# Thread: Fastest way between two points.

1. ## Fastest way between two points.

I dunno if this is in the right section but anyways here it is:

Runners speed on the path is 3 times the speed he can move in the swamp. What is the fastest route from point 1 to point 2? in other words how many meters does he have to run through swamp and how many on the path for optimal time?
Thanks!

2. ## Re: Fastest way between two points.
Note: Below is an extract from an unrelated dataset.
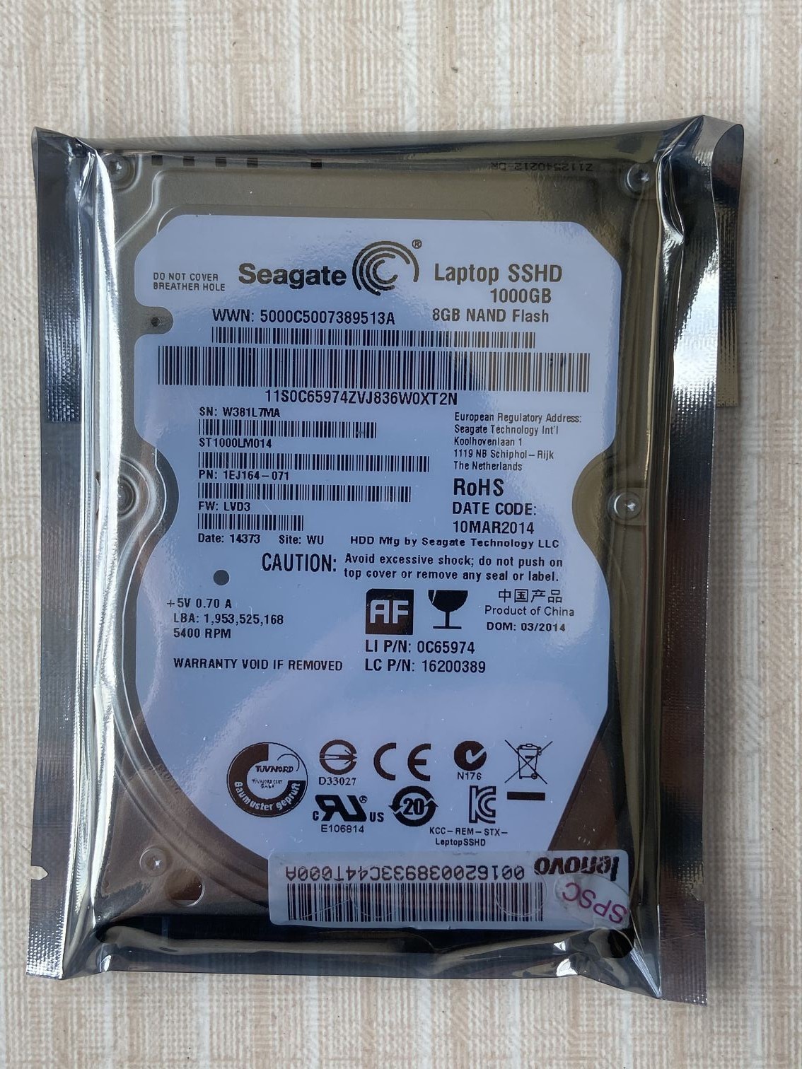 PMR вертикальный 2,5-дюймовый твердотельный гибридный жесткий диск для ноутбука ST1000LM014 Seagate 1T SSHD 8G 9,5 мм

There are 3 possible routes:
a) run only on the path- that gives the fastest rate.
b) run on the straight line for 1 to 2 over the swamp- that gives the shortest path.
c) run some distance along the path, then through the swamp.
and we can include (a) and (b) as special cases of (c).

If we let "x" be the distance he runs along the path. That leaves 300- x on that path and 400 as the other leg of a right triangle having his path through the swamp as hypotenuse. By the Pythagorean theorem. the length of that path is $\sqrt{(300- x)^2+ 400^2}$.

Since he runs distance x at speed 3v, his time for that is $\frac{x}{3v}$. Since he runs distance $\sqrt{(300- x)^2+ 400^2}$ at speed v, his time for that is $\frac{\sqrt{(300- x)^2+ 400^2}}{v}$.

You want to find the route that minimizes total time so you want to find x that minimizes
$\frac{x}{3v}+ \frac{\sqrt{(300- x)^2+ 400^2}}{v}$.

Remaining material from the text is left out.